Had there been no railway debt, would either Mackenzie King or R.B. Bennett have taken that more generous route? One doubts it. Neither had any co-ordinated plan of relief. Like the business leaders who backed them, they were convinced the Depression couldn’t last and so made no long-range plans to deal with the crisis. Planning, after all, was a dirty word in the thirties, a subversive notion that smacked of Soviet Russia.

Both the Liberal and the Conservative governments stumbled from crisis to crisis, adopting band-aid solutions that often became part of the problem. At every level of government the authorities attacked the symptoms and not the cause, trying vainly to hold down the lid on the bubbling kettle of protest. If single transients clog the streets of the big cities – get them out of sight.
If radicals demand a better deal for the jobless – jail them. If “foreigners” ask for relief – deport them. If farmers stage hunger strikes – disperse them with police billies. At no time did those in charge consider the practical advantages of allowing the dispossessed to let off steam unmolested.

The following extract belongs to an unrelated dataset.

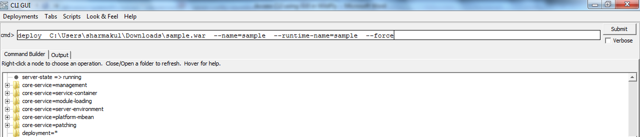 Using this we can construct our commands which can deploy applications present on our local file System, i.e. we don’t need to connect and copy application to Server for Deployments.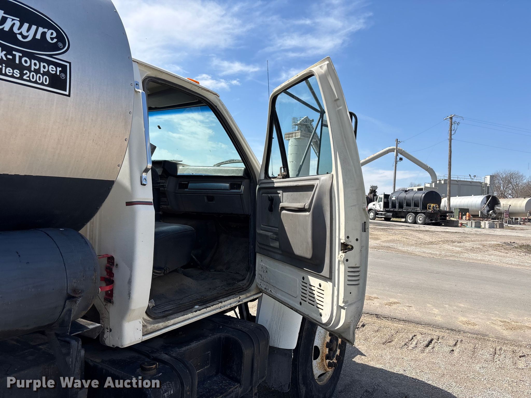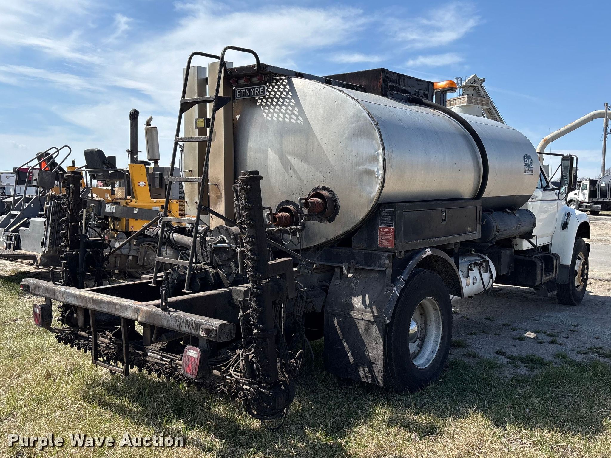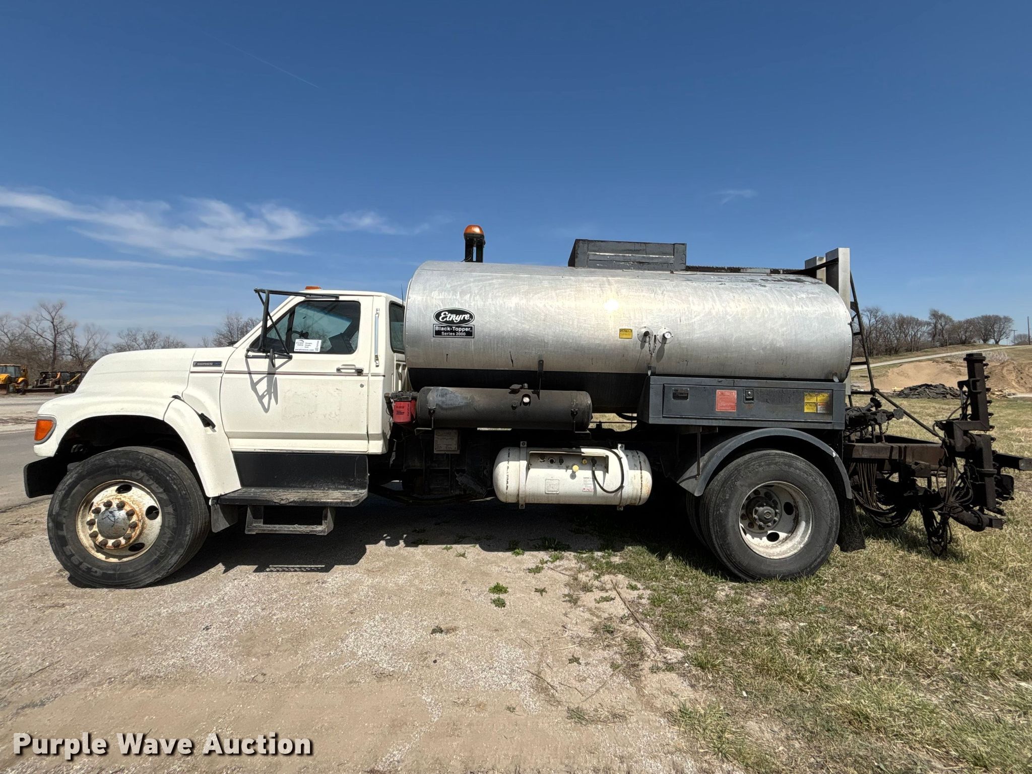 1997 Ford F800 oil distributor truck. Miles: 57,428 on odometer, VIN: 1FDXF80C8VVA41701. Engine Cummins B5.9L-190, Serial: 45465687, Displacement: 5.9L, Cylinders: 6, Fuel type: Diesel. Transmission Manual, Speed: 5. Chassis Axles: Single, Suspension: Spring, Brakes: Air, GVWR: 33,000 lbs. Interior AC, Heat. Features Bed Tank bed, Etnyre Black Topper S-2000, Serial: S2099, Length: 198", Width: 8', Capacity: 2,000 gallons, In-cab controls, Spray boom Folding, Asphalt sealer. Tires Size: 11R22.5. Missouri title. Title distribution may be delayed up to 14 days from verification of funds. Keller Construction. Saint Joseph, MO 64505

Every level of government tried to evade its responsibilities for the unemployed. Ottawa washed its hands of the problem, as Ottawa often does, and tried to lay it on the provinces. The provinces tried to lay it on the municipalities. The municipalities tried to lay it on the local taxpayers, who couldn’t cope with it because so many were themselves out of work. Then everybody – taxpayers, municipalities, and provinces – turned on Ottawa.

Relief was given grudgingly. The Calvinist work ethic belonged to an earlier century, but it lived on into the thirties. Conventional wisdom dictated that any healthy man could always find a job; that if he was idle, it was deliberate; that to ask for public charity was shameful; that those who got too much wouldn’t want to work. Thus, it was held, relief should provide no more than the bare necessities and should never approach the level of “real” wages.